Activity
Each line from the one with "BENEFICIARIOS: Personas o" through the last line below must be written out exactly. Do not copy pictures.

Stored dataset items
--------------------
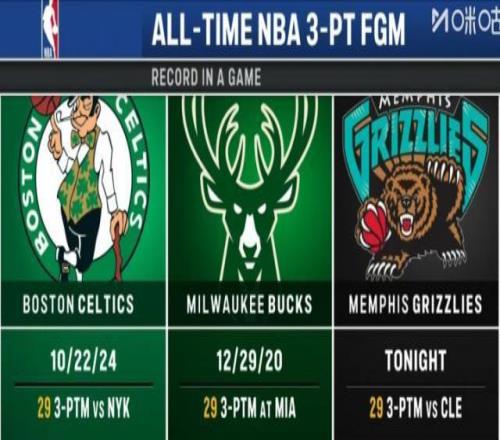 全場比賽還剩1分41秒,灰熊前鋒巴爾弧頂空位三分命中,命中全隊(duì)本場第29記三分,追平NBA歷史單場紀(jì)錄。
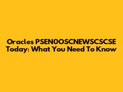 Oracle's PSEN0OSCNEWSCSCSE Today: What You Need To Know
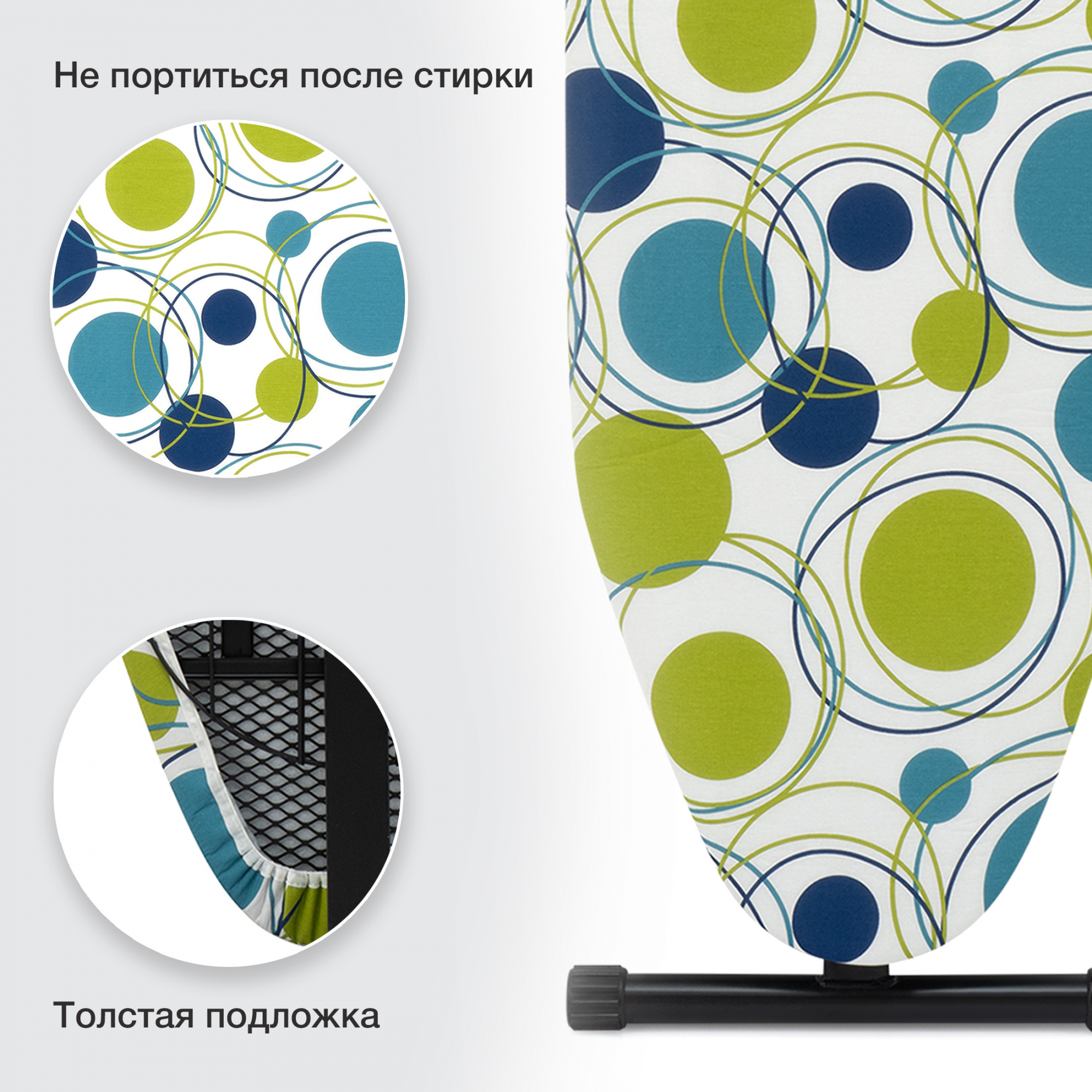 ОписаниеУниверсальный чехол для гладильной доски легко и быстро вернет изношенной поверхности аккуратный вид. А стильный дизайн чехла прекрасно впишется в современный интерьер.
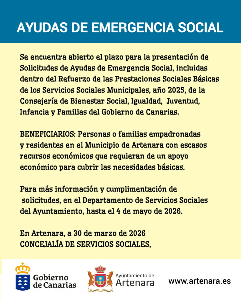 BENEFICIARIOS: Personas o familias empadronadas y residentes en el Municipio de Artenara con escasos recursos económicos que requieran de un apoyo económico para cubrir las necesidades básicas.Para más información y cumplimentación de solicitudes, en el Departamento de Servicios Sociales del Ayuntamiento, hasta el 4 de mayo de 2026.
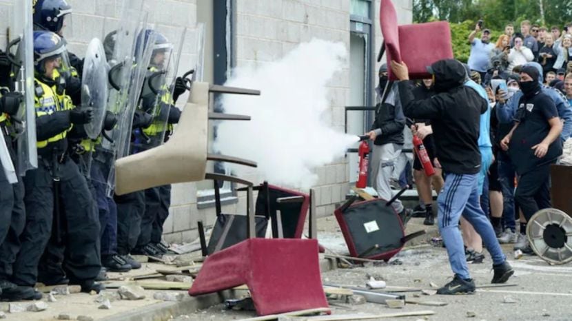United Kingdom Riot ब्रिटनमध्ये पुन्हा एकदा दंगली सुरू झाल्या आहेत. ब्रिटनमध्ये दंगली होणे किंवा हिंसक आंदोलन होणे काही नवीन नाही. परंतु, ही १३ वर्षांतील सर्वात मोठी दंगल असल्याचे बोलले आत आहे. उत्तर-पश्चिम इंग्लंडमध्ये तीन मुलींच्या हत्येनंतर ब्रिटनमध्ये हिंसक आंदोलने सुरू आहेत. बुधवारपासून (७ ऑगस्ट) देशभरात १०० हून अधिक मोर्चे निघणार असल्याची माहिती रहिवासी आणि अधिकाऱ्यांनी दिली आहे. या मोर्चांचा ओघ पाहता पोलिसांनी सुरक्षा आणखी वाढवली आहे. वकिलांची कार्यालये, स्त्यावरील दुकाने बंद करण्यात आली आहेत आणि लोकप्रतिनिधींना घरून काम करण्याच्या सूचना देण्यात आल्या आहेत.
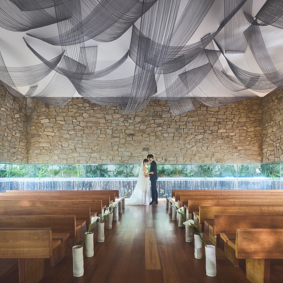 滝に囲まれた独立型のチャペルは まるで水の中にいるような神秘的な空間 -
--------------------
Task output
 BENEFICIARIOS: Personas o familias empadronadas y residentes en el Municipio de Artenara con escasos recursos económicos que requieran de un apoyo económico para cubrir las necesidades básicas.Para más información y cumplimentación de solicitudes, en el Departamento de Servicios Sociales del Ayuntamiento, hasta el 4 de mayo de 2026.
United Kingdom Riot ब्रिटनमध्ये पुन्हा एकदा दंगली सुरू झाल्या आहेत. ब्रिटनमध्ये दंगली होणे किंवा हिंसक आंदोलन होणे काही नवीन नाही. परंतु, ही १३ वर्षांतील सर्वात मोठी दंगल असल्याचे बोलले आत आहे. उत्तर-पश्चिम इंग्लंडमध्ये तीन मुलींच्या हत्येनंतर ब्रिटनमध्ये हिंसक आंदोलने सुरू आहेत. बुधवारपासून (७ ऑगस्ट) देशभरात १०० हून अधिक मोर्चे निघणार असल्याची माहिती रहिवासी आणि अधिकाऱ्यांनी दिली आहे. या मोर्चांचा ओघ पाहता पोलिसांनी सुरक्षा आणखी वाढवली आहे. वकिलांची कार्यालये, स्त्यावरील दुकाने बंद करण्यात आली आहेत आणि लोकप्रतिनिधींना घरून काम करण्याच्या सूचना देण्यात आल्या आहेत.
 滝に囲まれた独立型のチャペルは まるで水の中にいるような神秘的な空間 -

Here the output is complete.